(Information provided Opens)

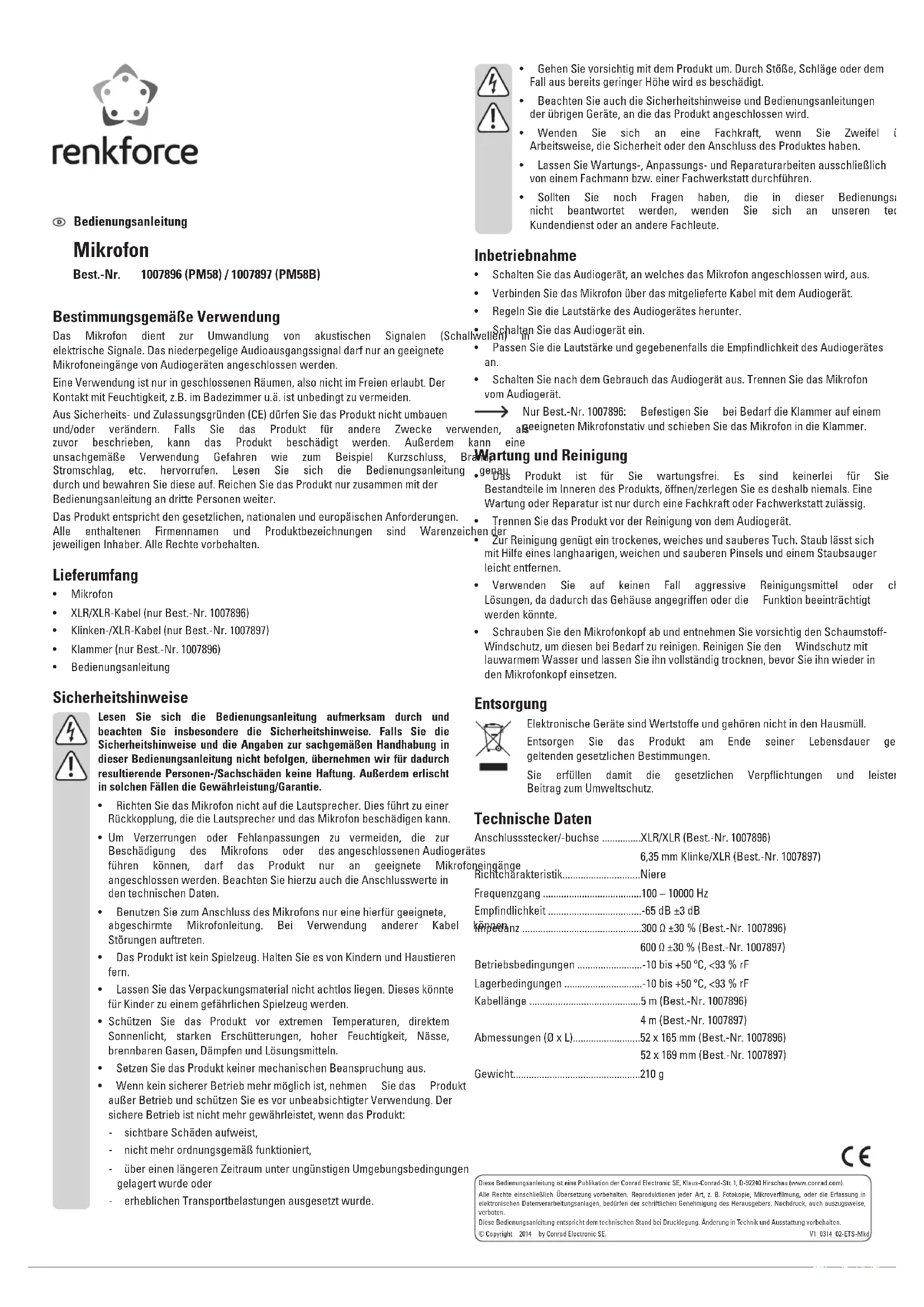 PM58B - Microphone Renkforce - Notice d'utilisation et mode d'emploi gratuit
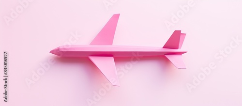 Wall mural a pink paper airplane origami displayed on a white backdrop with a copyspace image. - Wall murals Wall mural a pink paper airplane origami displayed on a white backdrop with a copyspace image. - Wall murals
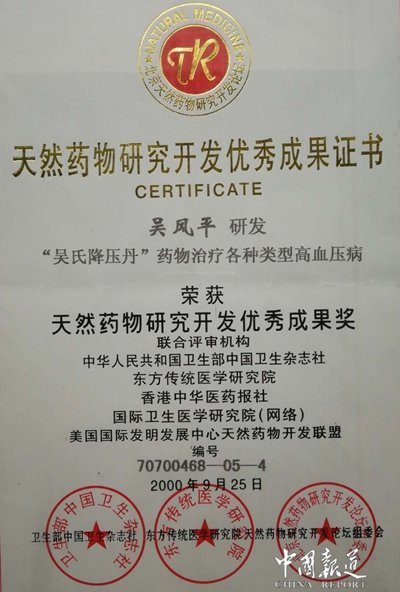 吳風平,男,醫(yī)學博士、主任醫(yī)師、執(zhí)業(yè)醫(yī)師、高級針灸師、高級中藥技師。九代中醫(yī)世家,六歲學醫(yī),十三歲臨床,師承國家中醫(yī)前輩呂炳奎、朱良春、周仲瑛、關(guān)幼波?,F(xiàn)任北京至德圣道中醫(yī)藥研究院院長;國際中醫(yī)藥防治癌癥聯(lián)盟主席;中國民族醫(yī)藥學會疑難病分會指導專家;中國針灸學會全國委員;全國中醫(yī)難治病專家委員會專家委員;中國藥文化研究會專家委員;華佗針灸研究會顧問;陜西至德圣道醫(yī)藥科技有限公司董事長;陜西吳文化發(fā)展有限公司董事長;安康傳統(tǒng)醫(yī)學研究所所長;安康至德堂中醫(yī)館館長;吳氏至德堂中醫(yī)第九代傳承人;國家非物質(zhì)文化遺產(chǎn)保護項目《吳氏中風偏癱療法》持有人與傳承人,擁有多項國家發(fā)明專利,多項成果被授予“天然藥物研究開發(fā)優(yōu)秀成果獎”,其中治療癌癥的《吳氏六位一體療法》被授予“第五屆全球華人醫(yī)學大會2002年度華佗杯全球華人醫(yī)藥學科技成果金獎”;被中華中醫(yī)藥學會授予“2009年度全國基層優(yōu)秀中醫(yī)”稱號等榮譽。
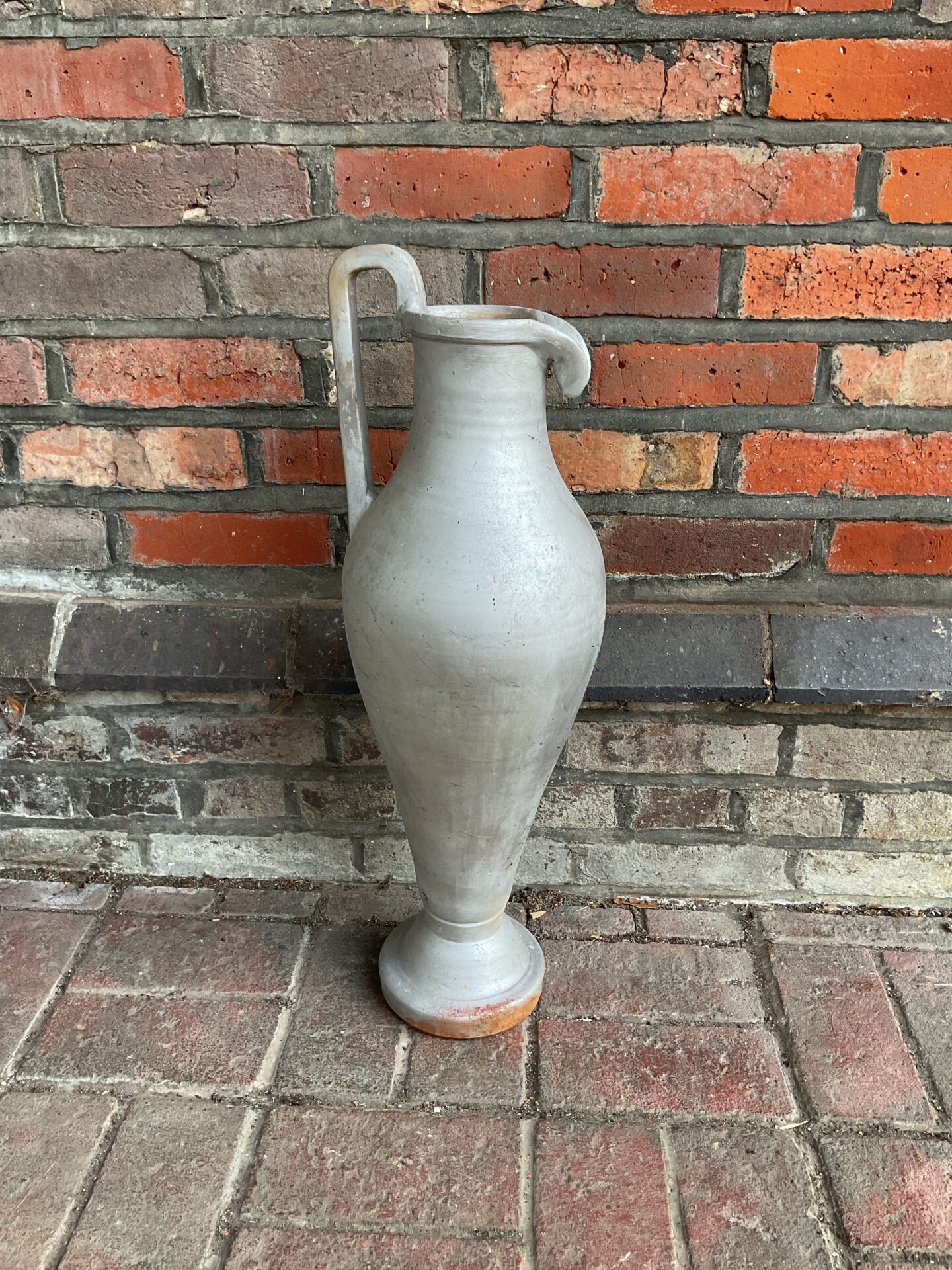 This impressive ewer is crafted in the style of ancient Greek pottery, standing at 26 inches tall. The terracotta vessel features a classic form, reminiscent of amphorae used for storing and transporting liquids. Its substantial size and elegant silhouette make it a striking decorative piece, ideal for display or as a statement piece in a collection.

(Information provided Closes)

## What is required:
In the printed copy, the material above must appear unchanged and without its pictures.

## Task answer:
 PM58B - Microphone Renkforce - Notice d'utilisation et mode d'emploi gratuit
 Wall mural a pink paper airplane origami displayed on a white backdrop with a copyspace image. - Wall murals Wall mural a pink paper airplane origami displayed on a white backdrop with a copyspace image. - Wall murals
 吳風平,男,醫(yī)學博士、主任醫(yī)師、執(zhí)業(yè)醫(yī)師、高級針灸師、高級中藥技師。九代中醫(yī)世家,六歲學醫(yī),十三歲臨床,師承國家中醫(yī)前輩呂炳奎、朱良春、周仲瑛、關(guān)幼波?,F(xiàn)任北京至德圣道中醫(yī)藥研究院院長;國際中醫(yī)藥防治癌癥聯(lián)盟主席;中國民族醫(yī)藥學會疑難病分會指導專家;中國針灸學會全國委員;全國中醫(yī)難治病專家委員會專家委員;中國藥文化研究會專家委員;華佗針灸研究會顧問;陜西至德圣道醫(yī)藥科技有限公司董事長;陜西吳文化發(fā)展有限公司董事長;安康傳統(tǒng)醫(yī)學研究所所長;安康至德堂中醫(yī)館館長;吳氏至德堂中醫(yī)第九代傳承人;國家非物質(zhì)文化遺產(chǎn)保護項目《吳氏中風偏癱療法》持有人與傳承人,擁有多項國家發(fā)明專利,多項成果被授予“天然藥物研究開發(fā)優(yōu)秀成果獎”,其中治療癌癥的《吳氏六位一體療法》被授予“第五屆全球華人醫(yī)學大會2002年度華佗杯全球華人醫(yī)藥學科技成果金獎”;被中華中醫(yī)藥學會授予“2009年度全國基層優(yōu)秀中醫(yī)”稱號等榮譽。
 This impressive ewer is crafted in the style of ancient Greek pottery, standing at 26 inches tall. The terracotta vessel features a classic form, reminiscent of amphorae used for storing and transporting liquids. Its substantial size and elegant silhouette make it a striking decorative piece, ideal for display or as a statement piece in a collection.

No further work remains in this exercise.